この作り手にとって少々、いやだいぶハードな使命を、劇中のキャラクターだけでなく、劇場版の制作(製作)陣までもが自らに課す、マゾヒスティックスタイル。

ラストのジーンのセリフ後に刻まれた、「90:00:00」のコードからは、「何が何でもきっちり90分のフィルムにする」という作り手たちの“執念”が感じられました。

一番見てもらいたいのは、誰?



90分という時間への執着が見えた『映画大好きポンポさん』ですが、実は原作、映画ともに、「MEISTER」の上映時間に関する具体的な指示はありません。90分という時間はあくまで、ポンポさんの信念です。「1分でも長い上映時間は嬉しい」という認識を持っている映画マニアのジーンなら、90分以上の作品を作り上げてもおかしくないようにも思えます。

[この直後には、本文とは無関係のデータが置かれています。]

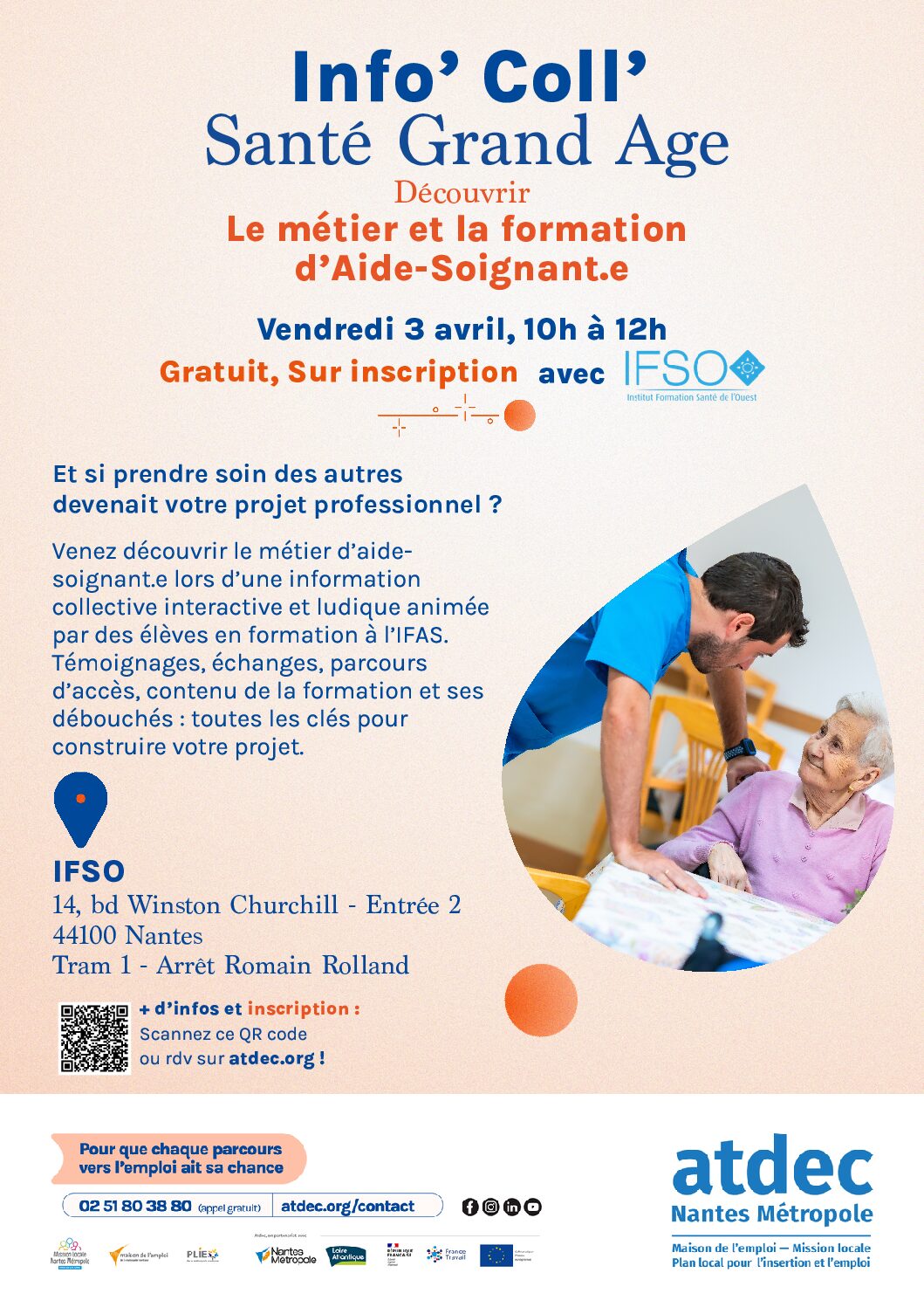 Venez découvrir le métier et la formation d’aide-soignant·e lors d’une session interactive et conviviale animée par des élèves de l’IFSO, dans les locaux de l’institut.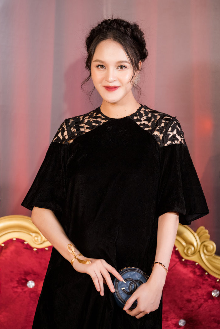 MC Bùi Việt Hà diện bộ áo dài với chất liệu voan đen xuyên thấu vừa cổ điển mà cũng rất hiện đại. Cô sử dụng phụ kiện mấn đội đầu đính cườm cầu kỳ, tinh xảo.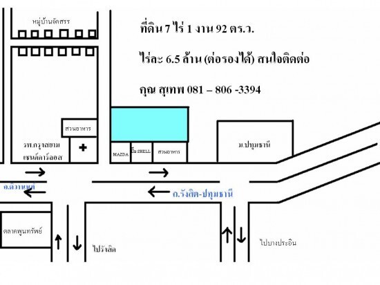 !!!!!!!!!!!!! ขาย ที่ดิน ทำเลดี ---อ.เมือง---จ.ปทุมธานี---ใกล้ รพ.กรุงสยามเซนต์คาร์ลอส 7 ไร่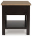 When you’re styling your living room, convenience is key. With this end table, casual flair meets can’t-miss function. Tired of tracking down lost remotes? A handy storage drawer keeps your entertainment essentials close. This fashionably functional piece pairs a dark chocolate brown with a light wood tone, complementing a variety of color palettes.

しかし彼は、原作では17時間、映画では72時間にも及ぶ「MEISTER」の総撮影シーンを容赦なくカットし、きっちり90分のフィルムに仕上げています。その理由は、自分の映画を一番見てもらいたい人がポンポさんだったからです。

“その映画を一番見てもらいたい誰かのために作ればいいんだ”
※引用:映画大好きポンポさん(杉谷庄吾【人間プラモ】/KADOKAWA) chapter5 P.108 コルベットのセリフより

世界一の名俳優マーティン・ブラドック(以下、ブラドック)を主演に迎えたこともあり、映画の撮影は順調に終了。ジーンは、ブラドックにふさわしい大作感を出していこうと編集の工程に進みますが、すぐに手を止めます。その時の彼の頭をよぎったのは、ポンポさんとよくタッグを組む映画監督コルベットから打ち入りパーティーの際にもらった、このアドバイスでした。

“この映画………間違いなくミャカデミー賞取っちゃうぜ”
※引用:映画大好きポンポさん(杉谷庄吾【人間プラモ】/KADOKAWA) chapter6 P.136 ポンポさんのセリフより

ジーンはきっと、ただの映画マニアだった自分に映画監督という夢を叶えるチャンスをくれ、さらに作ったものに対して期待を寄せてくれたポンポさんに、映画で応えたかったのではないでしょうか。

その証が、上映時間90分。数々の名シーン、名台詞よりも、90分であることを一番のお気に入りとしてあげたところに、彼の「ポンポさんに見てもらいたい」という熱い想いが込められているように感じました。